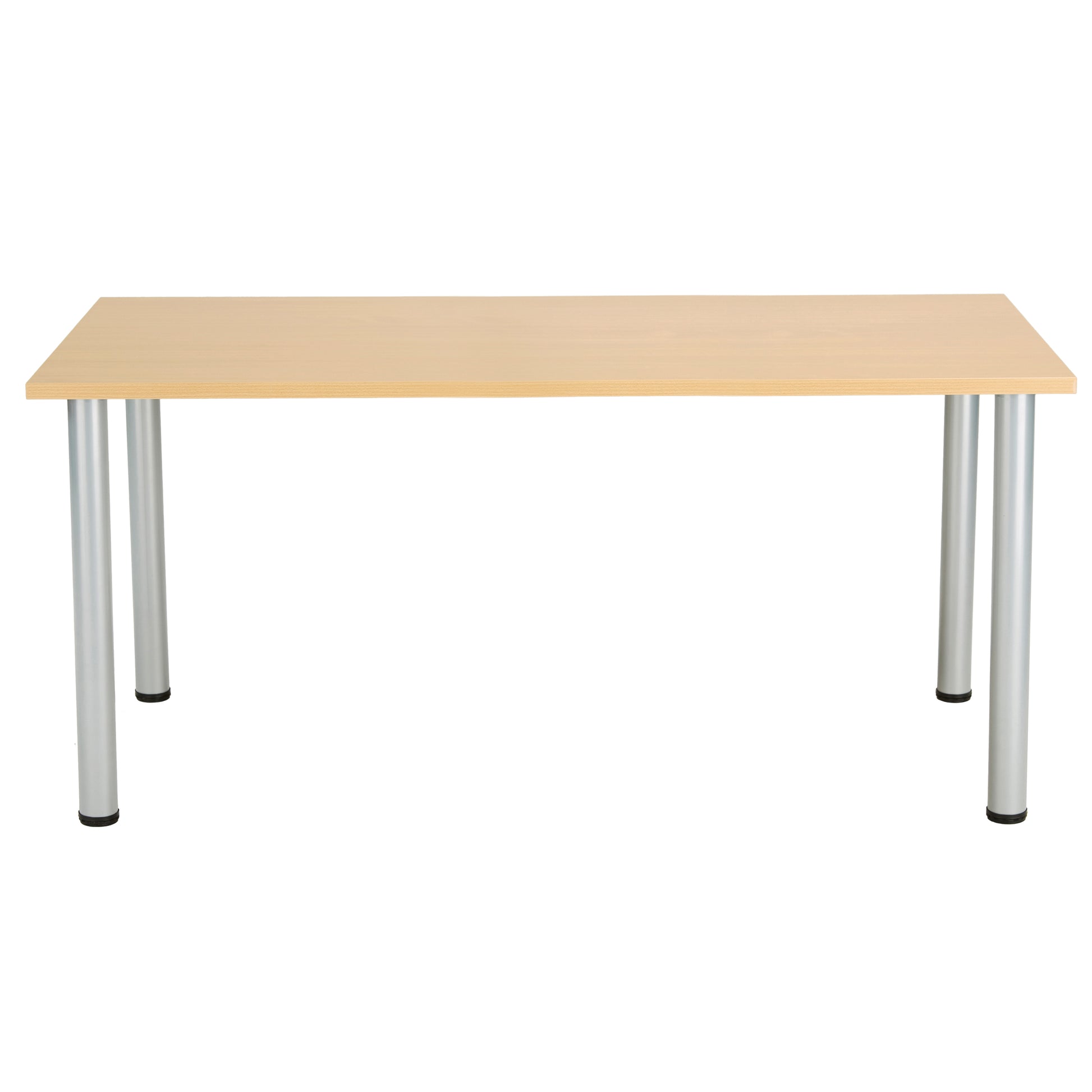 Jemini Rectangular Meeting Table 1600x800x730mm Nova Oak/Silver KF816647. Ideal for meeting rooms, breakout areas, canteens and more. Tubular metal legs. 25mm thick MFC desktop. Shape: Rectangular. Leg Colour: Silver. Dimensions (WxDxH): 1600x800x730mm.
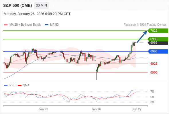 在 6960 之上,看涨,目标价位为 6995 ,然后为 7019 。
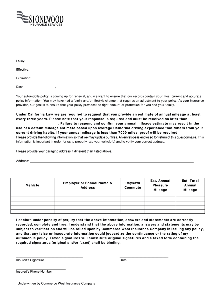 Policy: Effective: Expiration: Dear, Your automobile policy is coming up for renewal, and we want to ensure that our records contain your most current and accurate policy information. You may have
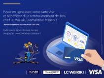 Ainsi, du 9 au 29 aout 2021, pour les premiers paiements en ligne sur les sites LC Waikiki, Diamantine et Kiabi, les détenteurs de carte Visa bénéficieront d'un remboursement de 10%.
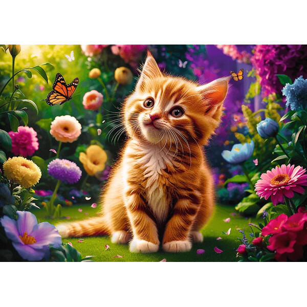 Pusslet föreställer en söt kattunge omgiven av fjärilar och blommor i vackra färger.
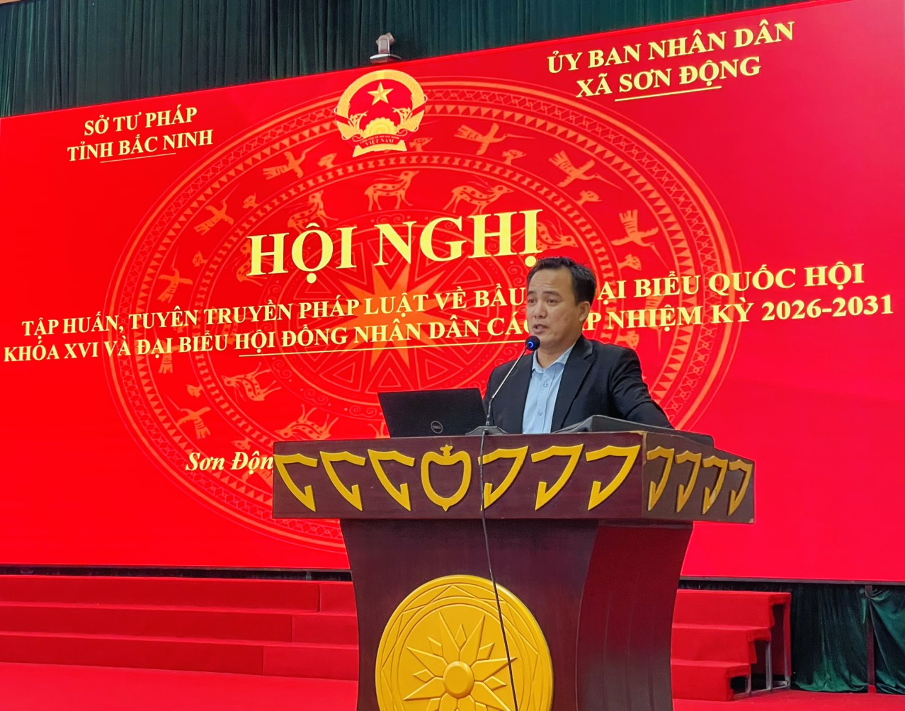 Sáng ngày 29 và 30/01/2026, Sở Tư pháp tỉnh Bắc Ninh phối hợp với UBND xã Sơn Động và UBND xã Kiên Lao tổ chức Hội nghị tập huấn, tuyên truyền phổ biến giáo dục pháp luật về bầu cử đại biểu Quốc hội khóa XVI và đại biểu HĐND các cấp nhiệm kỳ 2026-2031. Dự hội nghị có gần 400 đại biểu tham dự là đại diện lãnh đạo Đảng uỷ xã, UBND xã; Thành viên Ủy ban bầu cử xã; Thành viên các Tiểu ban của Ủy ban bầu cử xã và  các Tuyên truyền viên pháp luật xã; Bí thư chi bộ, Trưởng thôn, Trưởng ban công tác mặt trận ở khu dân cư và những người tham gia vào công tác tuyên truyền pháp luật về bầu cử.
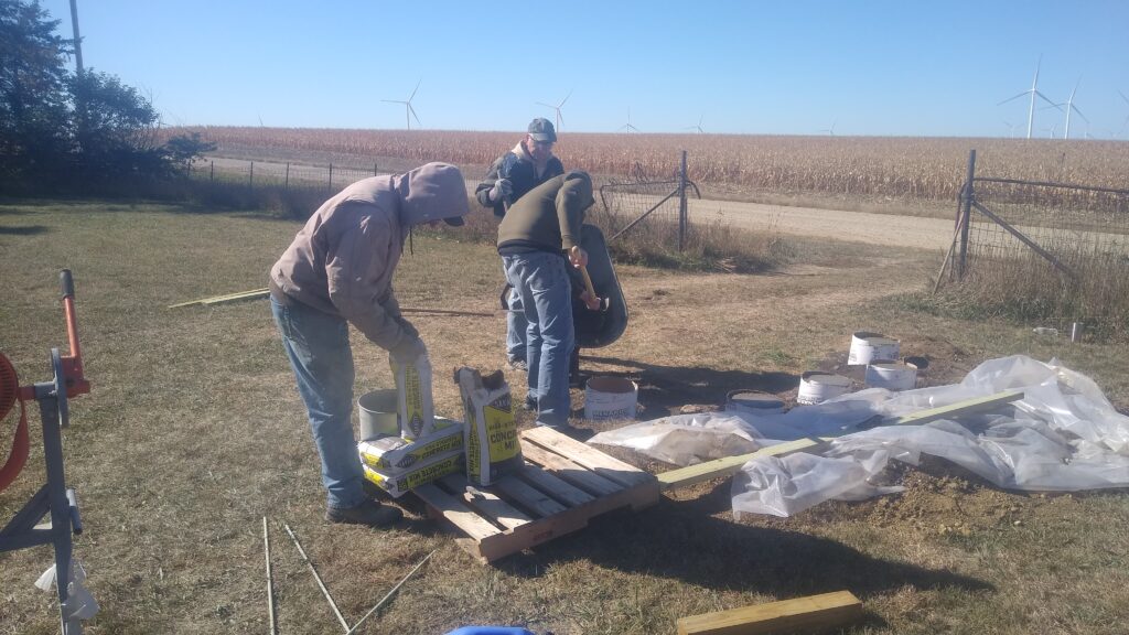 Volunteers turned out to Highland Doyle Cemetery last Saturday to pour concrete for the base of the new directory soon to be erected at the cemetery by O’Brien County Cemetery Preservation Association. Pictured are Chuck Virgil, Pastor Brett Witmer, and Roy Wohlert.

· · · · ·

WORK ORDER:
The required result is an exact copy of the lines from the line containing "Pusslet föreställer en" through the end of the entries, with every picture left out.

ANSWER SPACE:
 Pusslet föreställer en söt kattunge omgiven av fjärilar och blommor i vackra färger.
 Sáng ngày 29 và 30/01/2026, Sở Tư pháp tỉnh Bắc Ninh phối hợp với UBND xã Sơn Động và UBND xã Kiên Lao tổ chức Hội nghị tập huấn, tuyên truyền phổ biến giáo dục pháp luật về bầu cử đại biểu Quốc hội khóa XVI và đại biểu HĐND các cấp nhiệm kỳ 2026-2031. Dự hội nghị có gần 400 đại biểu tham dự là đại diện lãnh đạo Đảng uỷ xã, UBND xã; Thành viên Ủy ban bầu cử xã; Thành viên các Tiểu ban của Ủy ban bầu cử xã và  các Tuyên truyền viên pháp luật xã; Bí thư chi bộ, Trưởng thôn, Trưởng ban công tác mặt trận ở khu dân cư và những người tham gia vào công tác tuyên truyền pháp luật về bầu cử.
 Volunteers turned out to Highland Doyle Cemetery last Saturday to pour concrete for the base of the new directory soon to be erected at the cemetery by O’Brien County Cemetery Preservation Association. Pictured are Chuck Virgil, Pastor Brett Witmer, and Roy Wohlert.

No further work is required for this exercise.